Every faucet, inside and out, was checked. Then I thought it might be a leak in the system but I crawled under the house with a flashlight and cannot find anything. I was hoping it was something simple but right now I fear it might be as complicated as taking out a loan for something major. Any ideas of what it might be before I start calling the professionals? 

I should add that it is a shallow well pump. FM


----------



## bobberbill (Apr 5, 2011)

I'm not a plumber or a wellman. Just have a couple that I maintain. Is there a pressure gauge that you can watch, either on the pump or the pressure tank?? The pressure MUST be dropping for some reason. Could be a check valve leaking in the well pipe, a leak in the well pipe itself, or a leak somewhere else. I chased a problem once and found a hose hooked up to an outside faucet that I forgot about. HAS to be a pressure drop somewhere. If you can watch the gauge, and shut the house supply off, that could help isolate where the problem could be; either house side or well side..


----------



## Luv2hunteup (Mar 22, 2003)

This link may help.
http://inspectapedia.com/water/Intermittent_Water_Pump_Cycling.php


----------



## rollin stone (Dec 31, 2011)

Water is going somewhere. Many times it's the flapper in the toilet tank. Put some food coloring in the tank to see if it seeps in to the bowl. Could also be the check valve located between the pump and the well.


----------



## rollin stone (Dec 31, 2011)

If you have a water softener the backwash valve can also malfunction ( not close completely). If you can bypass the softener you can eliminate or confirm that possibility.


----------



## tmanmi (Sep 20, 2005)

I had a similar issue a few years ago. Well guy found a cracked line at one of the fittings on the pump/well head. Water was going back into the ground, nothing showing on the surface.


----------



## Burksee (Jan 15, 2003)

What kind of a well/pump do you have? Is the pump at the top of the well or is it inside the well/a submersible pump?

In either case you should have a valve just past the bladder tank that shuts the water off into the house. Close the valve and watch to see if the pressure bleeds down. 

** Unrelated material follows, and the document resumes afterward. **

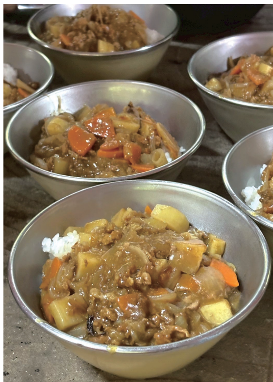
飯盒炊飯で作ったカレー
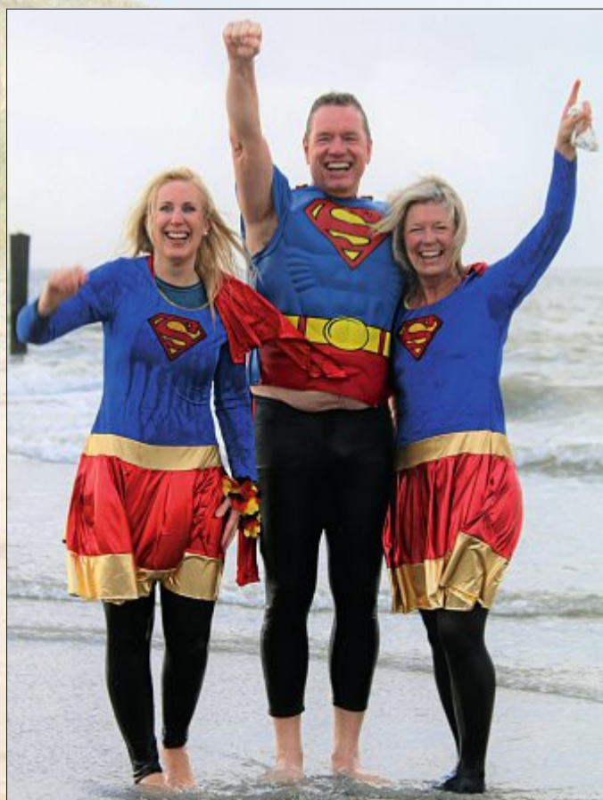
Im Superman-Kostüm spürt man die Kälte sicherlich nicht.

If it does that you could have a 1) bad/leaking check valve. 2) if its submersible pump you could have a hole in your drop pipe.

If the pressure doesn't drop then you've got a leak in the house somewhere. Many times I've found a leaking flapper valve in the toilet to be the issue.


----------



## ibthetrout (Sep 24, 2003)

If it is a submersible pump it could be the pittman value.


----------



## Burksee (Jan 15, 2003)

ibthetrout said:


> If it is a submersible pump it could be the pittman value.

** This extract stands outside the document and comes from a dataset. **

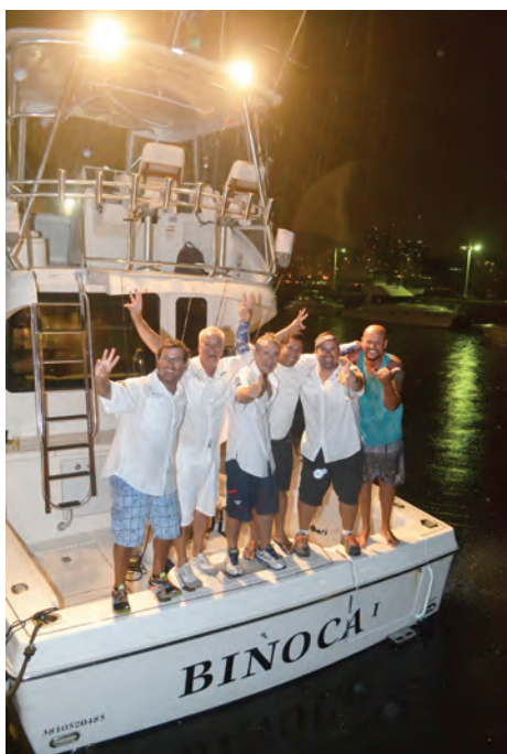
Equipe Binoca - Tricampeã do Torneio de Peixes de Bico e Campeã da Copa ICRJ

Did you get auto corrected and meant to say Pitless Adaptor?

Yes, although rarer I've seen those leak, had the nipple rotted off the pitless on the outside of the well.


----------



## rollin stone (Dec 31, 2011)

I've never seen a submersible shallow well pump. But who knows?


----------



## cliftp (Jan 13, 2007)

Forest Meister said:


> Here is the issue. Long about Christmas time I noticed my pump kicking in when there was no water being used but it was pretty infrequent. Lately it seems to kick in about once an hour or so. It seems to run for quite some time, not the kick in and out I had when my old surge tank went bad 25 years ago.
> 
> Every faucet, inside and out, was checked. Then I thought it might be a leak in the system but I crawled under the house with a flashlight and cannot find anything. I was hoping it was something simple but right now I fear it might be as complicated as taking out a loan for something major. Any ideas of what it might be before I start calling the professionals?
> 
> I should add that it is a shallow well pump. FM


Hope this isn't what yours is doing BUT, last winter I kept noticing mine cycling on and off, and it was getting more frequent. Assumed it was the tank so replaced it. Tried to ignore the cycling but after a few more weeks I finally called the well guy. He came out and said he needed to pull the well, 70 feet or so, and he couldn't get his truck to the well unless I shoveled. So I shoveled snow. Finally able to get him back, he attempted to pull the well and the pipe snapped. It was completely rusted and perforated. Ended up putting something on a piece of pipe that looked like a big EZ out tried to snag the pump. Finally did after and hour or so, said the only other option was a new well. Trashed the pump, but I was sure happy to see it come up. New well, and new pipe, everything is fine. Hope yours is simpler.

Paul C.


----------



## Forest Meister (Mar 7, 2010)

cliftp said:


> Hope this isn't what yours is doing BUT, last winter I kept noticing mine cycling on and off, and it was getting more frequent. Assumed it was the tank so replaced it. Tried to ignore the cycling but after a few more weeks I finally called the well guy. He came out and said he needed to pull the well, 70 feet or so, and he couldn't get his truck to the well unless I shoveled. So I shoveled snow. Finally able to get him back, he attempted to pull the well and the pipe snapped. It was completely rusted and perforated. Ended up putting something on a piece of pipe that looked like a big EZ out tried to snag the pump. Finally did after and hour or so, said the only other option was a new well. Trashed the pump, but I was sure happy to see it come up. New well, and new pipe, everything is fine. Hope yours is simpler.
> 
> Paul C.


Thanks everyone for all the info and suggestions. It really is appreciated.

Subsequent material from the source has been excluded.